Method summary for somatic mosaicism quantification at the level of a single molecule in HD. A) Generalised schematics for CRISPR/Casp9-mediated targeted enrichment of HTT locus for single-molecule long-read sequencing (i.e., no-amp targeted sequencing). Following DNA fragmentation and DNA molecule protection by adapter ligation or de-phosphorylation, CRISPR/Cas9 and locus-specific guide RNAs are used to selectively cut across the region of interest. While undigested DNA fragment ends are still protected, sequencing adapters are ligated to the Cas9 digestion product. Sequencing is then done on the appropriate single-molecule long-read sequencing platform such as PacBio SMRT or Oxford Nanopore Technologies (ONT).

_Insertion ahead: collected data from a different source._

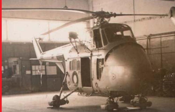
Eskadrille 722s redningshelikoptere var et kærkommet syn for folk i havsnød. Her ses en Sikorsky S-55 i Hangar 2.

Historien omkring Flyvestation Værløse blev endnu engang formet af verdenshistoriens gang, da Berlinmurens fald i 1989 signalerede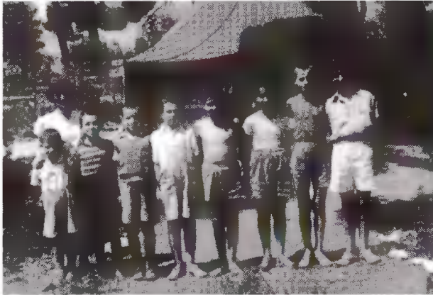
Διαβάθμιση ακριβείας στην ίδια σκηνή.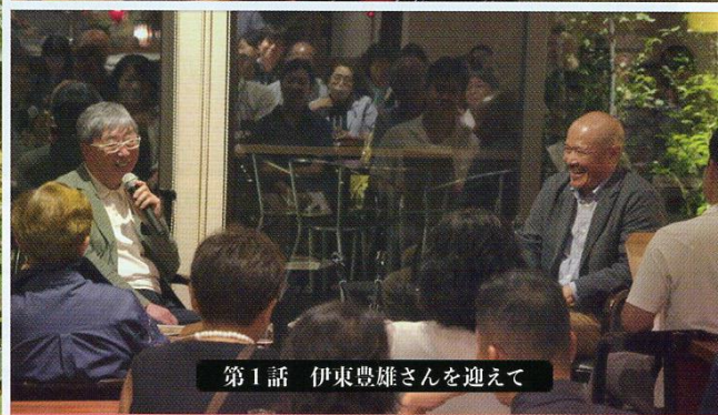
第1話 伊東豊雄さんを迎えて

No-amp targeted sequencing studies of repeat expansions have used one or two Cas9 cuts with PacBio sequencing [31, 49, 57, 59] or ONT sequencing [58] respectively. Single-molecule sequencing read output can then be used to build the somatic mosaicism profile. B) The general method for amplicon sequencing of barcoded single molecules. Several methods for single-molecule barcoding exist, including one-cycle PCR using hairpin-protected primers with degenerate tags or region capture by barcoded molecular inversion probes. Following barcoding, sequencing adapters are incorporated into the uniquely tagged molecules through PCR with overhang primers. The resulting amplicon library is then sequenced on the platform of interest, including Illumina MiSeq or PacBio, depending on the amplicon length and the desired throughput. Resulting reads are grouped by barcode family, and the repeat length of the original molecule for each family is determined to build the real somatic mosaicism profile per sample.

## CONFLICT OF INTEREST

V.C.W. is a scientific advisory board member of Triplet Therapeutics, a company developing new therapeutic approaches to address triplet repeat disorders such as HD and myotonic dystrophy and of LoQus23 Therapeutics, and has provided paid consulting services to Alnylam. Her financial interests in Triplet Therapeutics were reviewed and are managed by Massachusetts General Hospital and Partners HealthCare in accordance with their conflict of interest policies. S.K. is employed by CHDI Management, Inc., as an advisor to the CHDI Foundation. D.G.M. has been a scientific consultant and/or received honoraria or stock options from Biogen Idec, AMO Pharma, Charles River, Vertex Pharmaceuticals, Triplet Therapeutics, LoQus23, and Small Molecule RNA and has had research contracts with AMO Pharma and Vertex Pharmaceuticals.

## ACKNOWLEDGMENTS

The authors wish to thank the D.G.M. group for helpful advice with this work and David Meltzer, David McGuinness and Julie Galbraith, from Glasgow Polyomics, for administrating the Galaxy instance of the University of Glasgow (D.M. & D.McG.) and for their help and insight with the MiSeq sequencing (J.G. and D.McG.). This work was supported by the CHDI Foundation (awards to D.G.M. and A.J.M.) and the National Institutes of Health USA (Grants Nos. R01NS049206 to V.C.W.).